Many previous studies have reported that MMP expression is regulated at the transcriptional level [25,26,27,28]. The MMP promoters harbor several Cis elements that regulate gene expression through various trans-activators, including AP-1/2, polyomavirus enhancer activator 3, specificity protein-1, and NF-κB. Since these transcription factors are cell- or tissue-specific, their mode of activation differs according to their response to specific stimuli or diseases [29]. In the present study, MMP-7 expression was regulated by p–c-Jun, an AP-1 transcription factor, in the pharyngeal epithelial cells exposed to an acidic environment. Accordingly, ERK1/2 activated by ROS modulated c-Jun expression among all the AP-1 transcription factors, leading to the regulation of the transcription of MMP-7. Similarly, in a previous study, it was observed that MMP-7 was expressed through the activation of the AP-1 pathway, when the cultured cells were treated with H2O2 [26, 28].

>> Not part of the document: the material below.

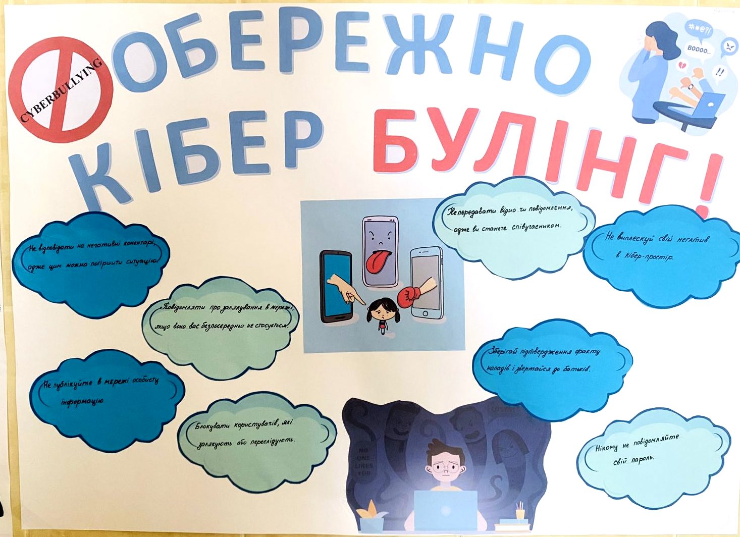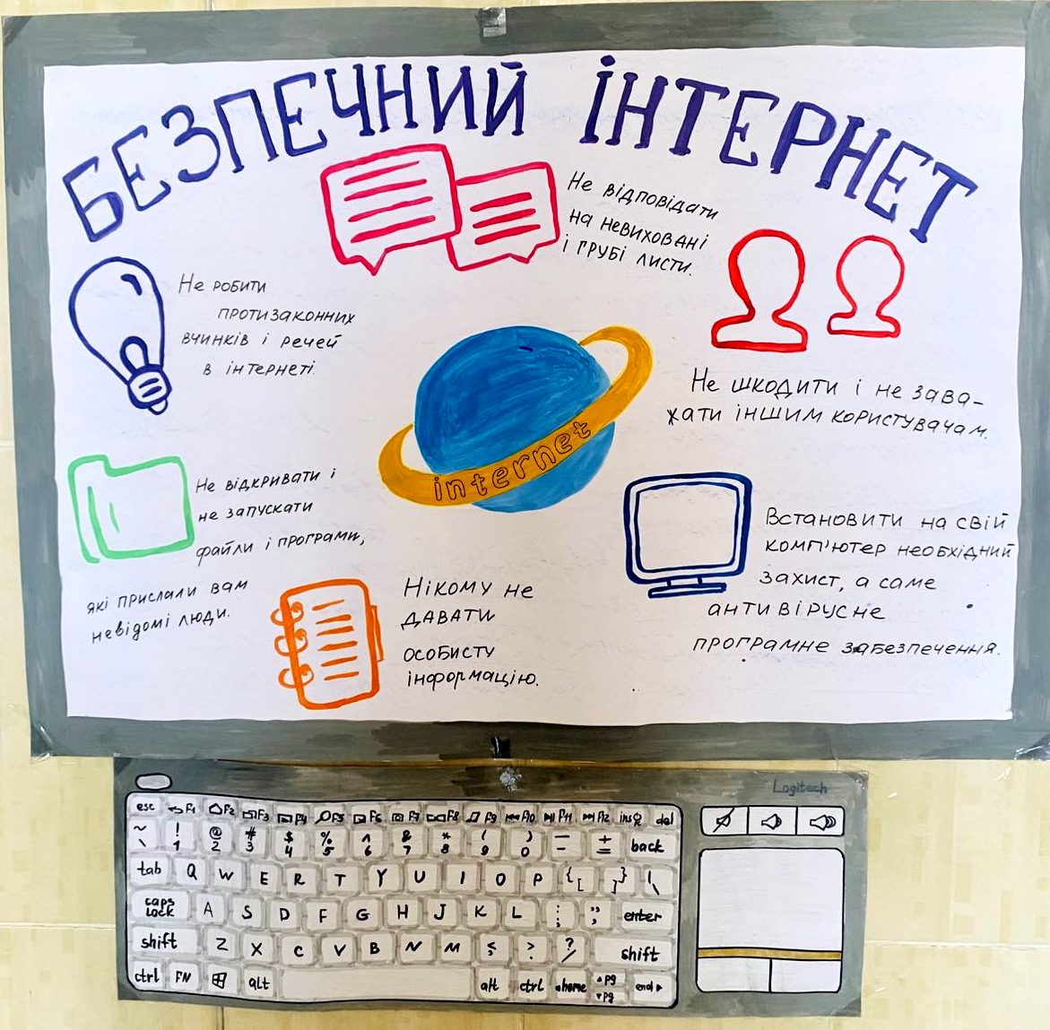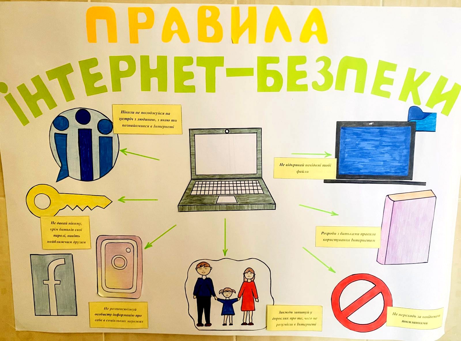 За результатами проведеної роботи діти підготували інформаційні вісники (плакати), у яких відобразили основні правила безпечного Інтернету. У своїх роботах вони наголосили на важливості поваги в онлайн-спілкуванні, відповідальності за власні слова та дії в мережі, а також на необхідності не залишатися осторонь у випадках кібербулінгу.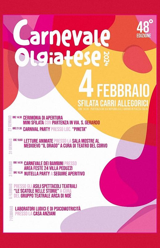 A Olgiate Comasco in provincia di Como si svolge nei giorni 27, 31 Gennaio, 03, 04, 06, 07 Febbraio 2024 la 48a Edizione del Carnevale Olgiatese.

Interestingly, the decrease in transepithelial permeability was greater following treatment with the ROS inhibitor than with the ERK or c-Jun inhibitor. These results indicate that in addition to the ERK/c-Jun pathway, other mechanisms that influence the cleavage of E-cadherin by ROS may exist; however, the main mechanism involves the ROS/ERK/c-Jun pathway.

Conclusions

The acid exposure–induced cleavage of E-cadherin in pharyngeal epithelial cells is caused by MMP-7 activation; its levels rise with the increase in ROS- and ERK1/2-mediated activation of MAPKs and enhanced phosphorylation of the transcription factor c-Jun. Even though this mechanism may be one of several mechanisms to elicit LPRD, the discovery of that will help guide future studies on LPRD. Furthermore, we believe that blocking the mechanism underlying the onset of this disease may serve as a new strategy for the treatment of LPRD.